I see. Solving this problem from Obi's end is actually a lot harder/uglier than solving it from yours. Instantiating GameObjects at runtime is usually discouraged in Unity due to performance spikes, so we designed Obi Rope specifically to avoid having multiple GameObjects per rope, or having to instantiate anything at runtime. Also, this way we only need 1 drawcall / mesh per rope, regardless of how many individual pieces it has been cut into. This is critical for mobile games as 100 draw calls are enough to bring most old-ish devices to their knees.

Furthermore, thanks to this all memory allocation can be statically performed to reduce garbage collection to a minimum, and to make memory usage predictable. (we allocate all we need at startup. that's why ropes have a particle pool to grab new particles from when they are torn or they increase their length, instead of just creating brand new particles). 

Physics, rendering, tearing and the rope cursor component would all have to be heavily modified (for the worse, in almost all aspects) to accommodate this GameObject based tearing system.

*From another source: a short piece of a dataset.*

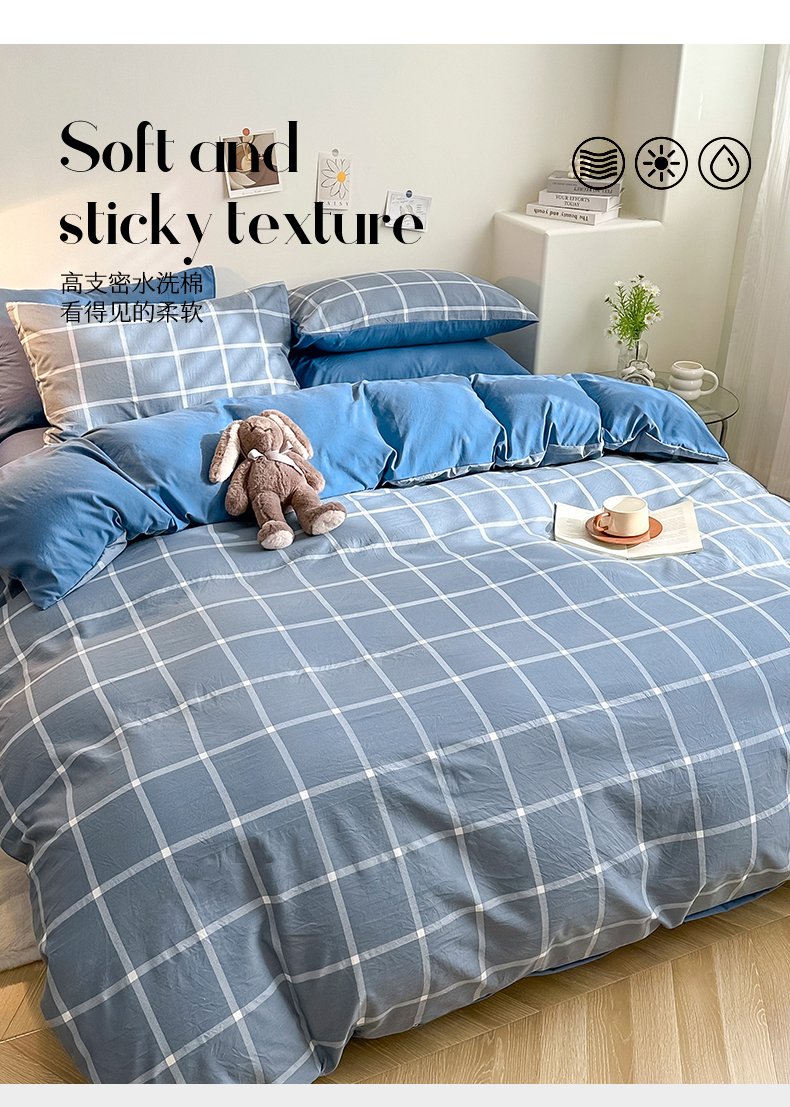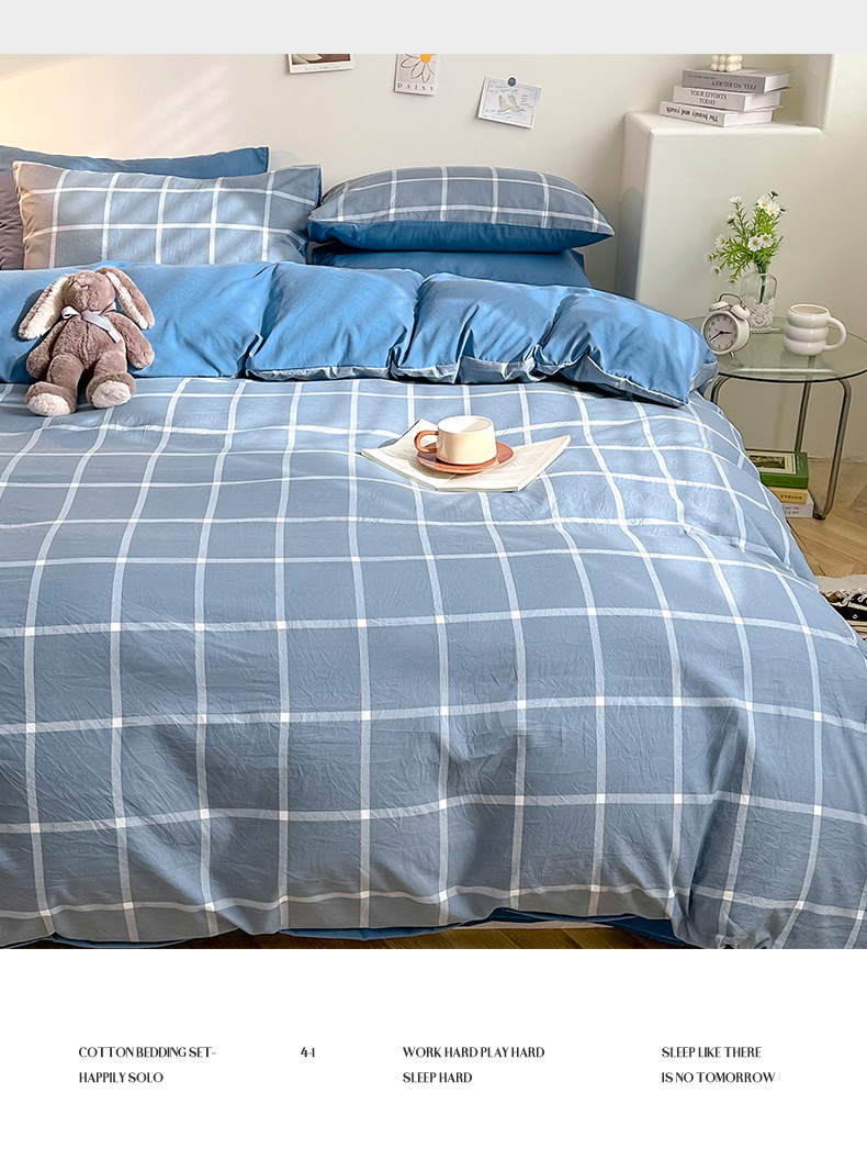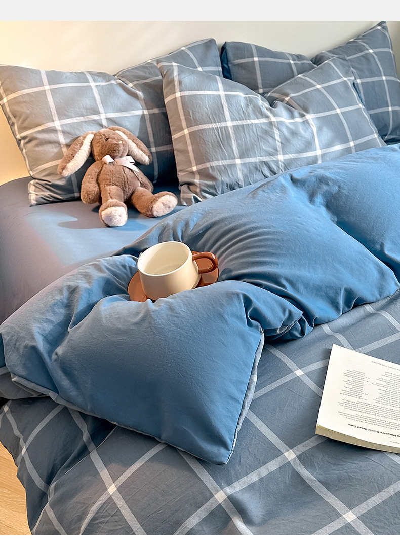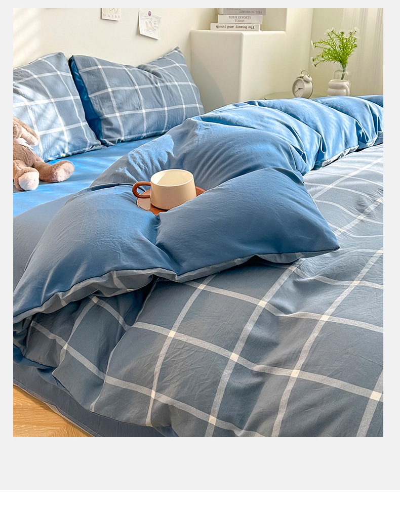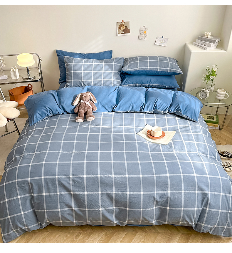 当前位置: 91家纺网 > 商品网购 > 床品套件 > 四件套 > 水洗棉四件套 > 古吉梦 2024新款水洗棉小清新印花格子系列四件套 G-牛仔蓝+宾利蓝

The approach I'd use is precisely the one you described: keep track of particle pairs and associate the circuit information to them. That's much, much faster (and easier) than having to create new gameobjects each time the rope is torn, complete with its own transform/renderer/rope components, that do very little except hindering performance.

Regarding rope color, particles have a "color" data array that allows you to colorize them individually. I can provide you a rope shader that makes the rope mesh show the color of the particles underneath it, this way you could just say "set the color of particles in the [12,16] range blue" and that rope piece would turn blue.Sonrisa

That shader would be awesome! Alright, I can definitely get away with keeping track of the particles, and being able to highlight without different gameObjects is amazing. Thanks!